#### What the task requires
Transcribe the listing in full, word for word; pictures do not belong in the copy.

#### Material provided
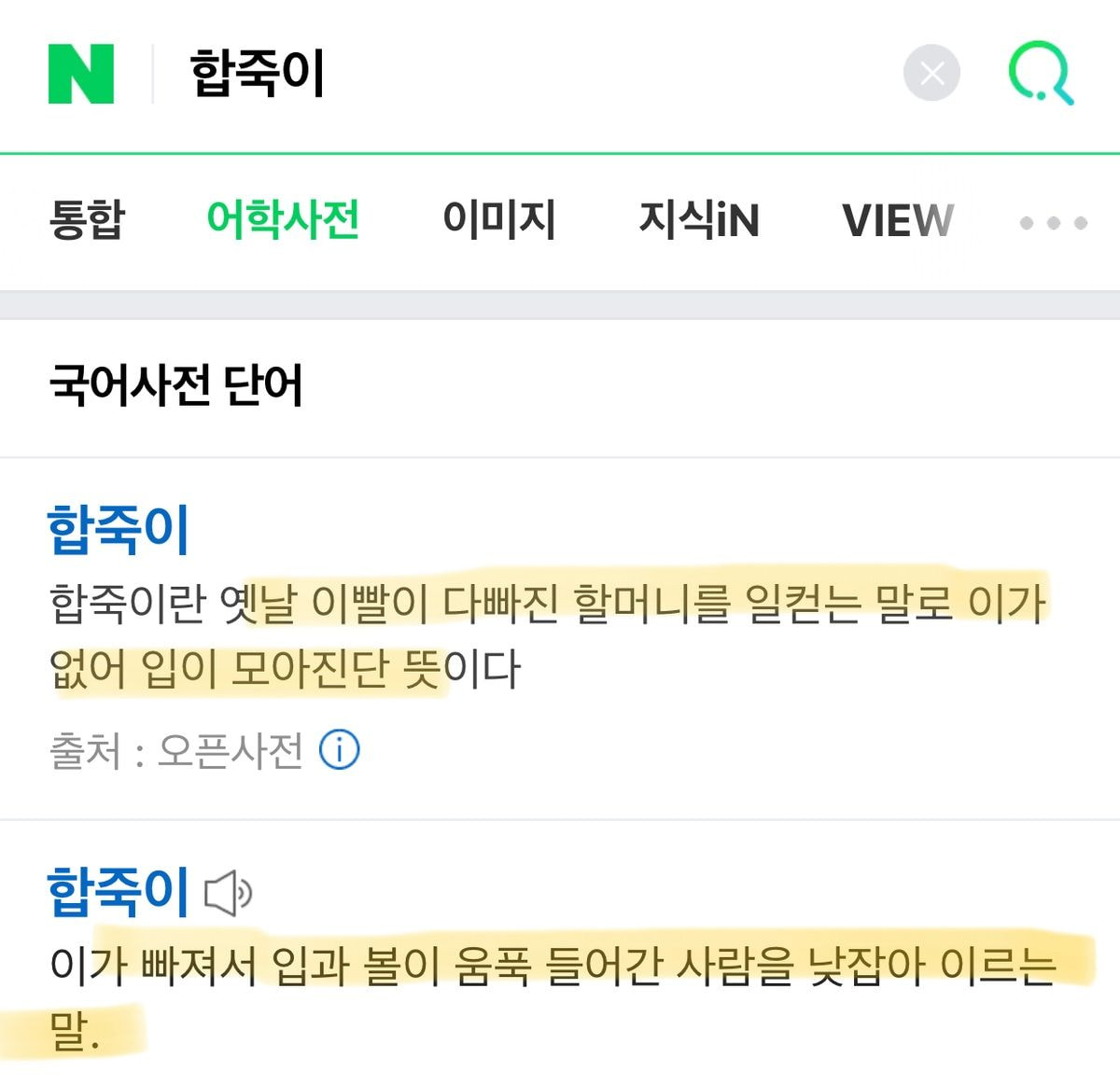 이거 동네에 말 못 하시는 사람 살았는에 어른들이 몇동 합죽이 라고 하길래 어릴때 우리 아파트 살던 애들은 합죽이가 뭔지 알아서 절대 안 따라했거든,,
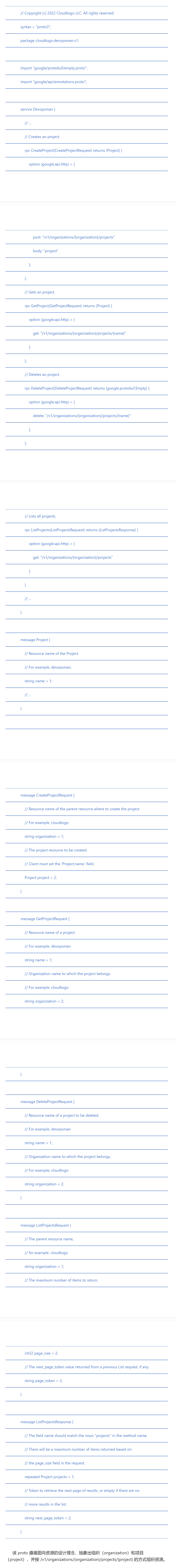 该 proto 遵循面向资源的设计理念,抽象出组织(organization)和项目(project),并按 /v1/organizations/{organization}/projects/{project} 的方式组织资源。
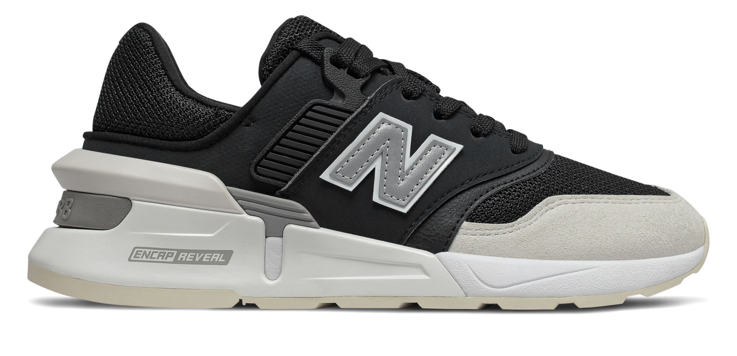 New Balance 997 Sport Mens Black White Suede Textile Sneaker
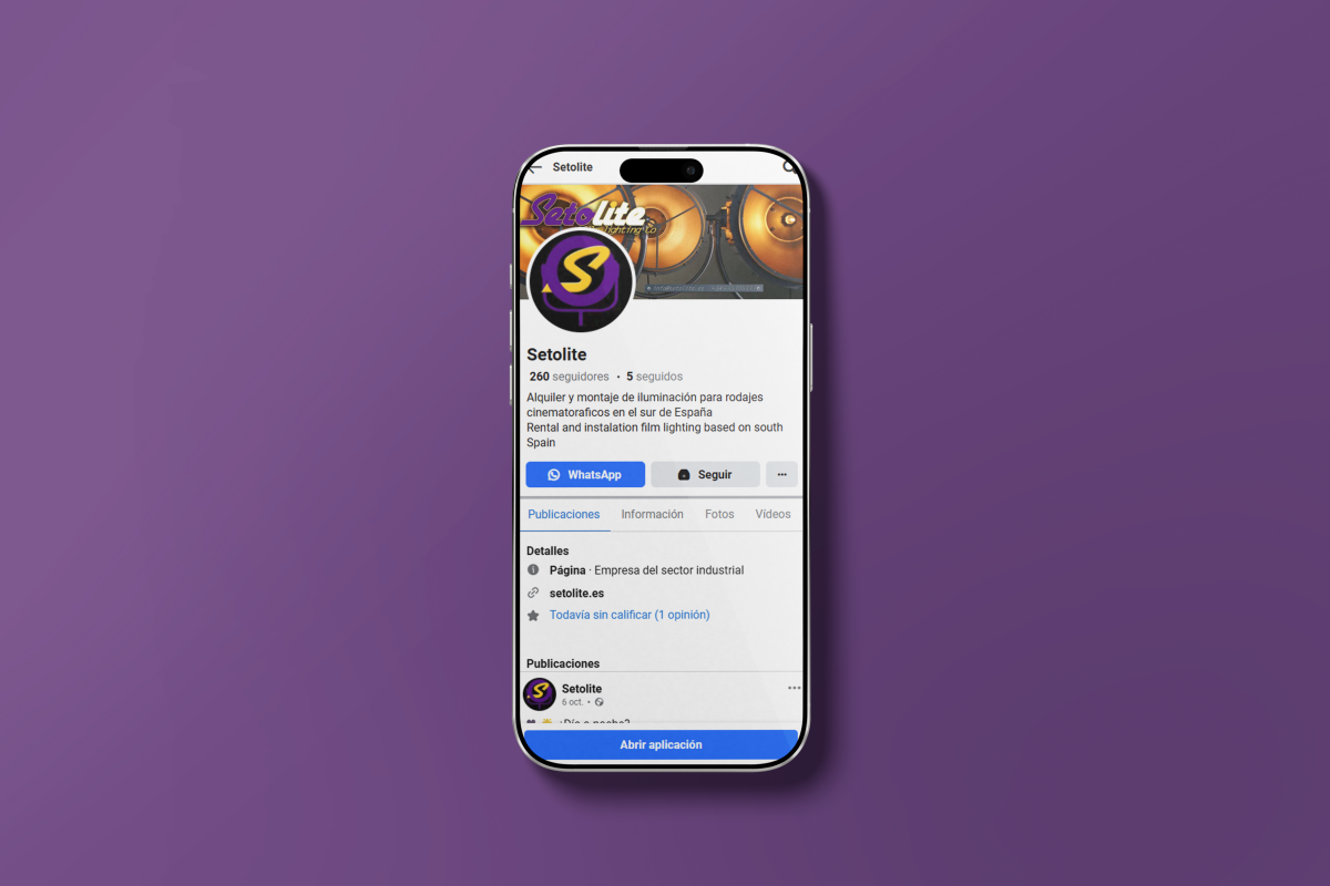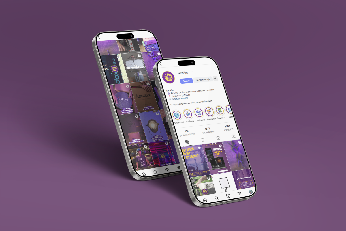 Los perfiles de Setolite en Instagram y Facebook se han gestionado con un enfoque muy profesional, centrado en mostrar sus servicios de alquiler de equipos de iluminación para rodajes y eventos. Durante los últimos meses, la estrategia ha priorizado el uso de Reels para exhibir los productos, destacar su potencia y versatilidad, y reforzar la imagen de la marca. El contenido mantiene coherencia temática y visual, con un estilo sobrio y funcional que da protagonismo a los equipos, más que al diseño gráfico o elementos decorativos.
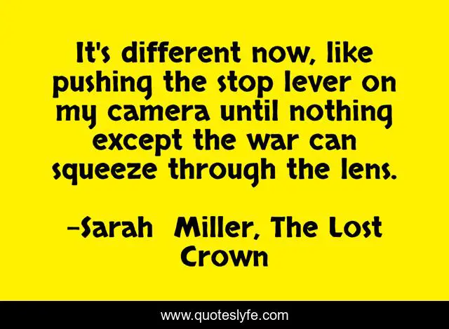 This page presents the quote "It's different now, like pushing the stop lever on my camera until nothing except the war can squeeze through the lens.". Author of this quote is Sarah Miller, The Lost Crown. This quote is about romanovs, russian-revolution, russia, anastasia, tsar-nicholas, otma, war,.
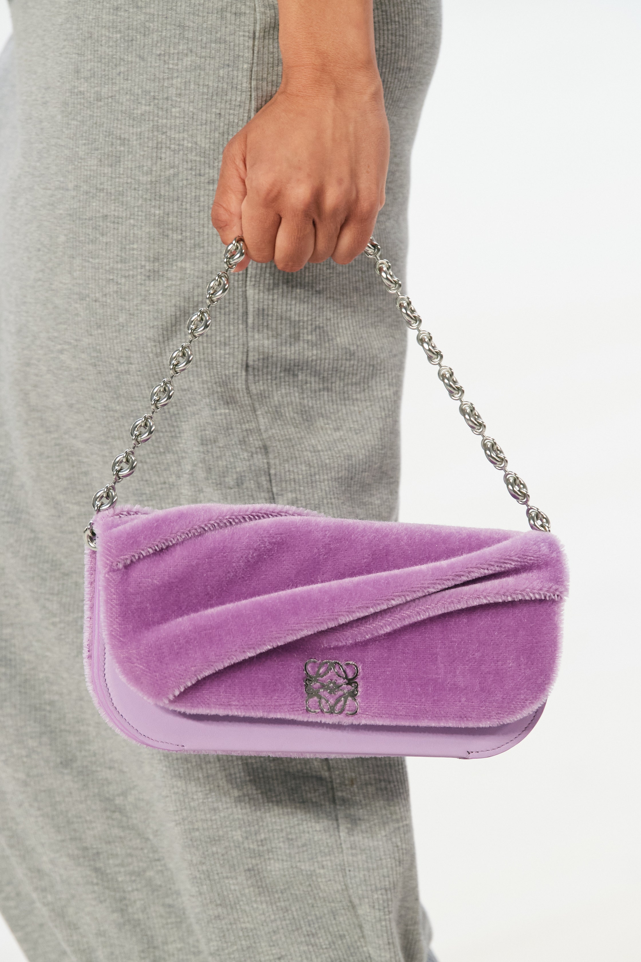 包身挺阔顺滑的丝绸小牛皮被替换成了柔软舒适的丝绒材质,方正经典的廓形也被拉长成为更加细长的优雅形态。此外,Jonathan Anderson还为这款手袋添加了更多精致细节,比如绒布面料的旋转设计和丝毫不显笨重的金属链等等。
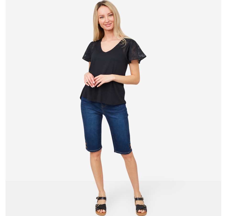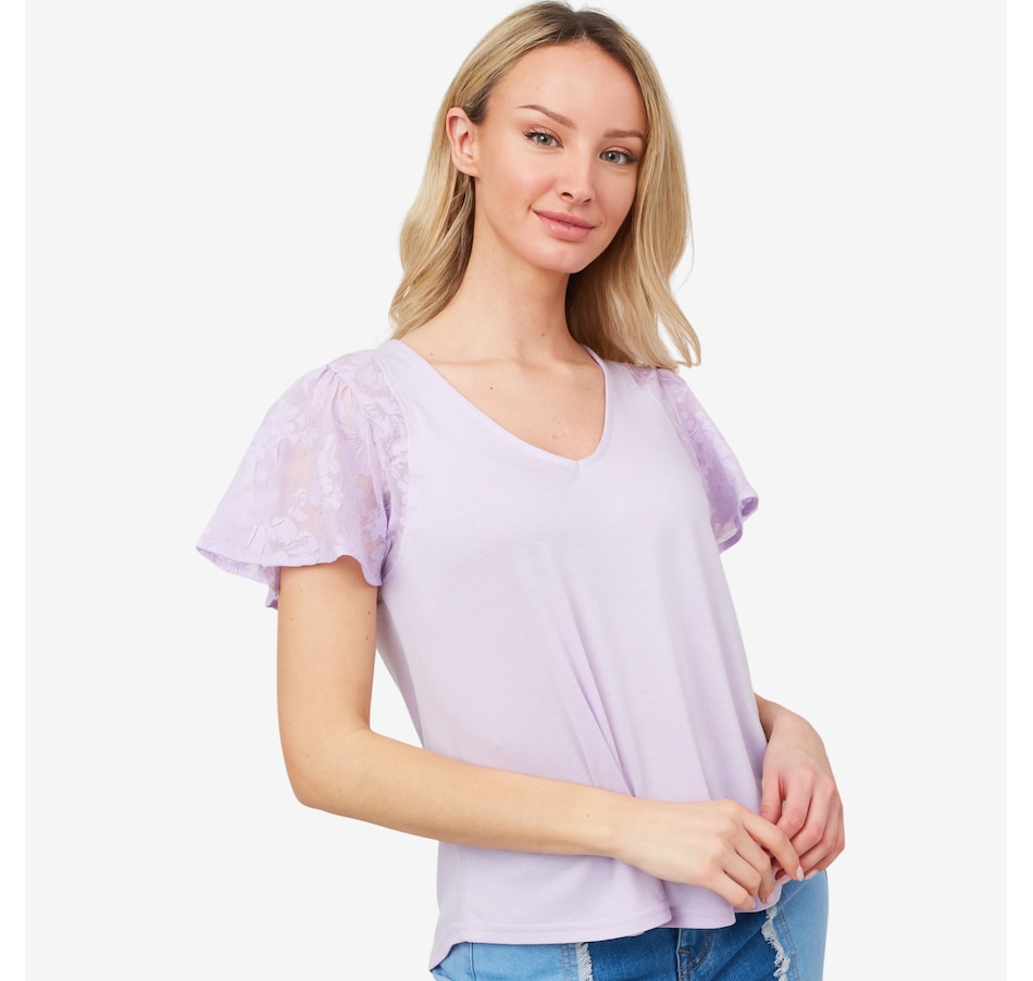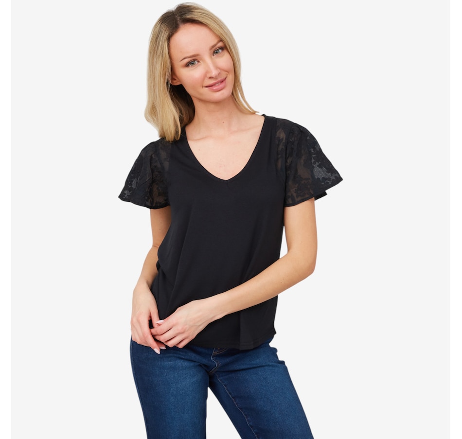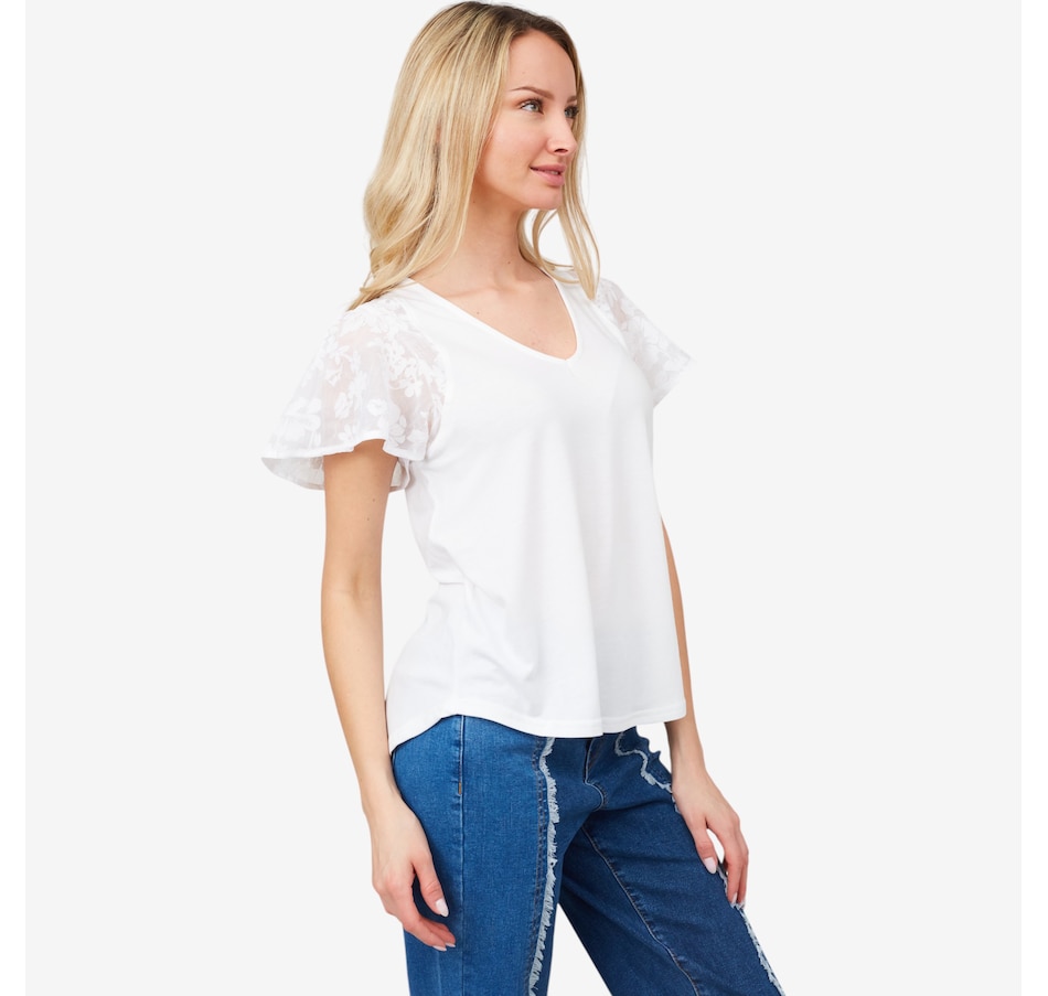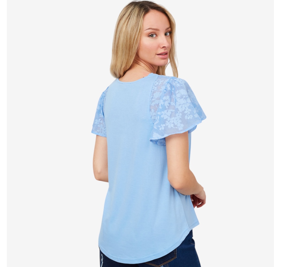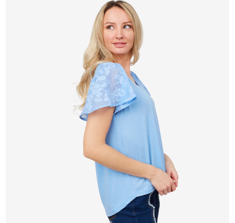 Centre your look in beautiful, easy style wearing this lovely floral flutter sleeve mix media knit top from Diane Gilman.
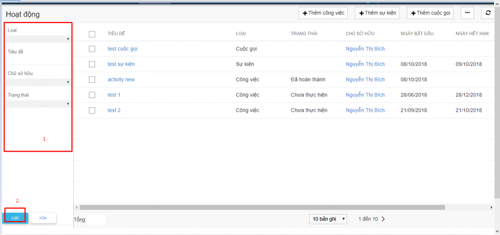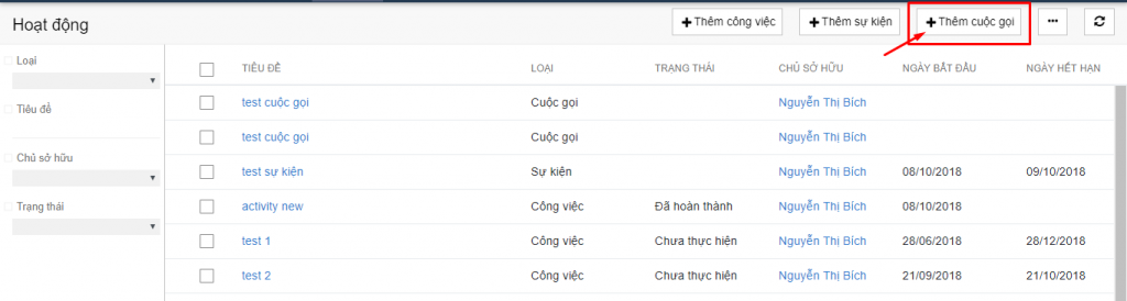 Tìm kiếm , lọc dữ liệu theo thông tin các trường của Cuộc gọi ( Bao gồm tìm kiếm theo: Loại, tiêu đề, chủ sở hữu, trạng thái)

#### Solution
 이거 동네에 말 못 하시는 사람 살았는에 어른들이 몇동 합죽이 라고 하길래 어릴때 우리 아파트 살던 애들은 합죽이가 뭔지 알아서 절대 안 따라했거든,,
 该 proto 遵循面向资源的设计理念,抽象出组织(organization)和项目(project),并按 /v1/organizations/{organization}/projects/{project} 的方式组织资源。
 New Balance 997 Sport Mens Black White Suede Textile Sneaker
 Los perfiles de Setolite en Instagram y Facebook se han gestionado con un enfoque muy profesional, centrado en mostrar sus servicios de alquiler de equipos de iluminación para rodajes y eventos. Durante los últimos meses, la estrategia ha priorizado el uso de Reels para exhibir los productos, destacar su potencia y versatilidad, y reforzar la imagen de la marca. El contenido mantiene coherencia temática y visual, con un estilo sobrio y funcional que da protagonismo a los equipos, más que al diseño gráfico o elementos decorativos.
 This page presents the quote "It's different now, like pushing the stop lever on my camera until nothing except the war can squeeze through the lens.". Author of this quote is Sarah Miller, The Lost Crown. This quote is about romanovs, russian-revolution, russia, anastasia, tsar-nicholas, otma, war,.
 包身挺阔顺滑的丝绸小牛皮被替换成了柔软舒适的丝绒材质,方正经典的廓形也被拉长成为更加细长的优雅形态。此外,Jonathan Anderson还为这款手袋添加了更多精致细节,比如绒布面料的旋转设计和丝毫不显笨重的金属链等等。
 Centre your look in beautiful, easy style wearing this lovely floral flutter sleeve mix media knit top from Diane Gilman.
 Tìm kiếm , lọc dữ liệu theo thông tin các trường của Cuộc gọi ( Bao gồm tìm kiếm theo: Loại, tiêu đề, chủ sở hữu, trạng thái)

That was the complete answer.